Hilary June Park (1920–2018) was a British architect and author known for her contributions to post-war modernist architecture and architectural writing. She worked independently and in partnership with her second husband, Cyril Mardall.

== Early life and education ==
June Park was born in Hampstead, the daughter of the renowned British portrait photographers Bertram Park and Yvonne Gregory. From 1938 she studied architecture at the Architectural Association School of Architecture in London, where she was taught by influential figures such as Felix Samuely and Frederick Gibberd.

== Life and career ==
After graduating, Park worked in the offices of Frederick Gibberd and Edward Mills, and was elected an Associate of the Royal Institute of British Architects (ARIBA) in 1944. In 1945 she established her own architectural practice. Her early works in the modernist style included a private house in Beaconsfield, Buckinghamshire (1947); two cottages for agricultural workers near Harlow and Roydon, Essex (1948); and the conversion of two houses for the Finnish Legation in Belgravia, London (1949). She also collaborated with the firm Yorke, Rosenberg & Mardall (YRM) on the design of Barclay Secondary School in Stevenage (1947).
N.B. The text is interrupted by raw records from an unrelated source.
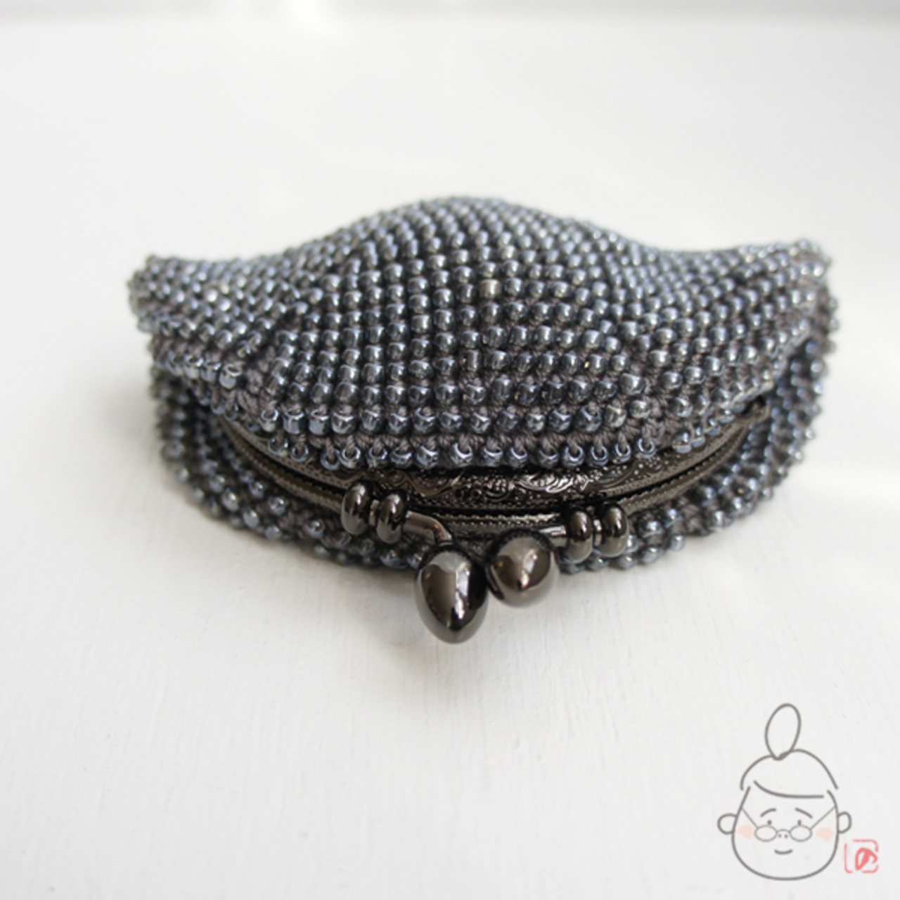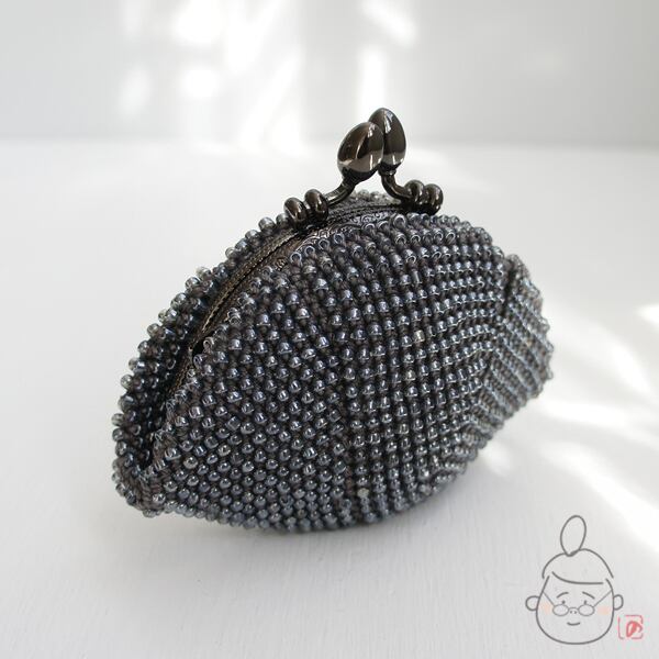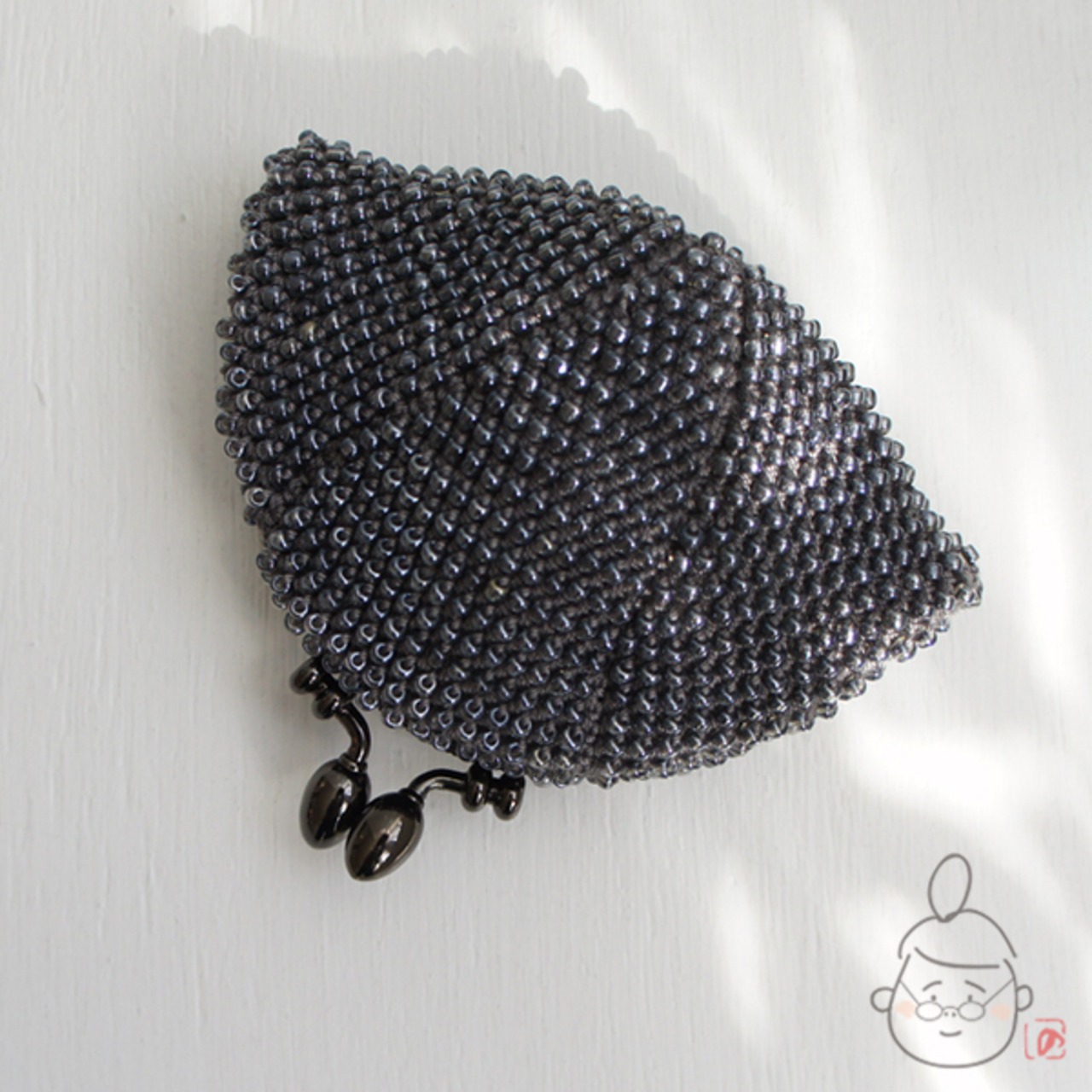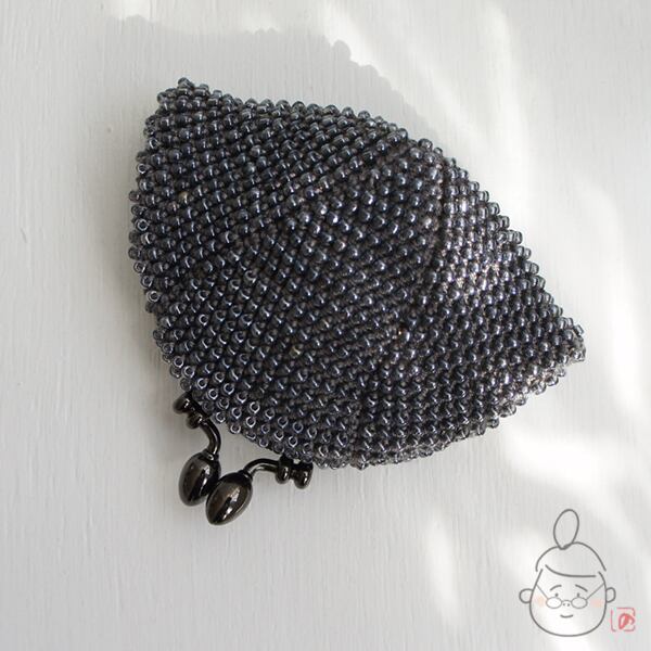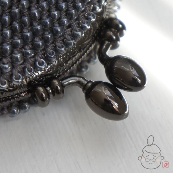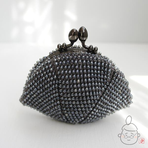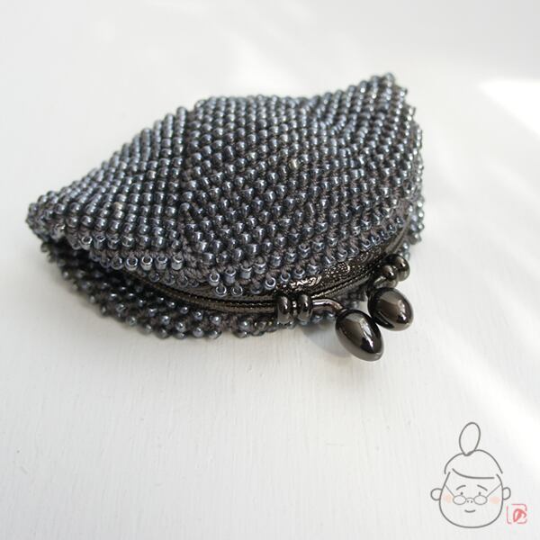 ばあば作☆☆総ガラスビーズのがま口(gris・1416)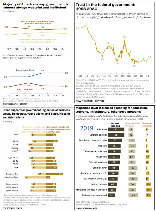 The United States is on the edge of financial chaos. The DOGE must channel its inner Jackson, Coolidge, and Truman and be forceful in its pursuit of diligent cost cutting. DOGE must approach this like a war, with hardship and sacrifice necessary from all Americans. People WILL be adversely affected. NOW is the time to act; according to PEW Research, Americans’ trust in government is near all time lows and 56% feel that government spending is almost always wasteful. Public sentiment WILL turn as soon as you begin eliminating waste and cutting spending.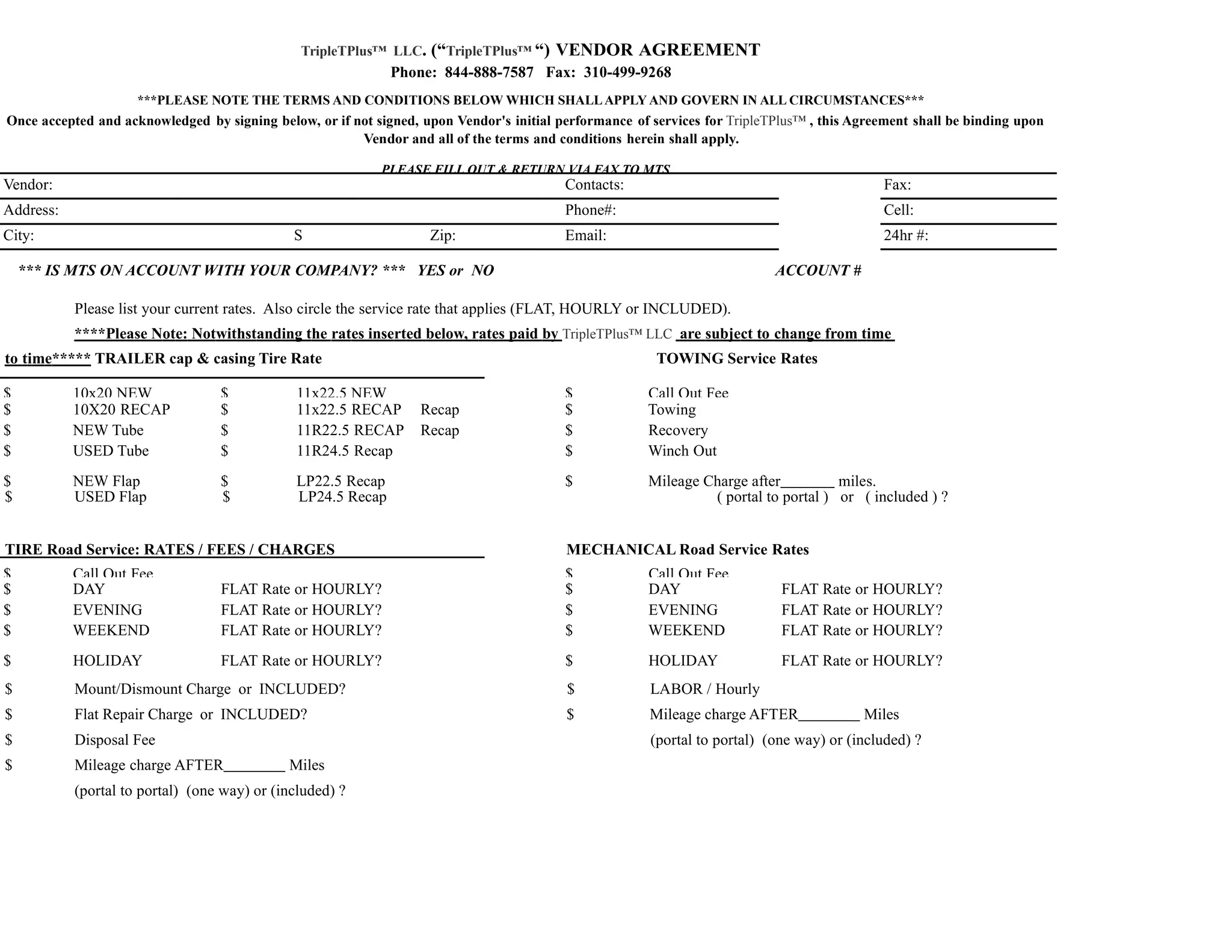 This document is a vendor agreement between TripleTPlus LLC and a vendor. It contains terms and conditions that will govern the business relationship between the two parties. The vendor agrees to indemnify and hold TripleTPlus harmless from any claims arising from services provided. The vendor must also maintain insurance and list TripleTPlus as an additional insured. Any disputes will be resolved in court in Malibu County, California. The vendor acknowledges they are an independent contractor. All invoices must be submitted within 3 days of service or may not be paid.

In 1951 June Park designed a new house at 7 Fitzroy Park, Highgate, London, for herself and her second husband, Cyril Mardall, as well as a slightly smaller house (7a) adjacent, for her mother-in-law. Both were concrete framed with brick infill but have since been altered. She also designed the sauna in the basement of the Finnish Seamen's Mission and Church, London, designed by Cyril Mardall in 1958. In the 1970s and 1980s June Park and Cyril Mardall worked in partnership on residential projects in the West Indies and Ireland.

== Publications ==
June Park authored two books on modernist residential architecture:

- Houses and Bungalows (1958)
- Houses for Today (1971)

== Personal life ==
June Park's first husband was David Francis Rivers Bosanquet. On 17 January 1947 she married Cyril Mardall (formerly Sjöström), a Finnish-born British architect and co-founder of Yorke, Rosenberg & Mardall (YRM). They had one son and one daughter and lived In Fitzroy Park, Highgate, London in a house she designed. June Mardall died in 2018.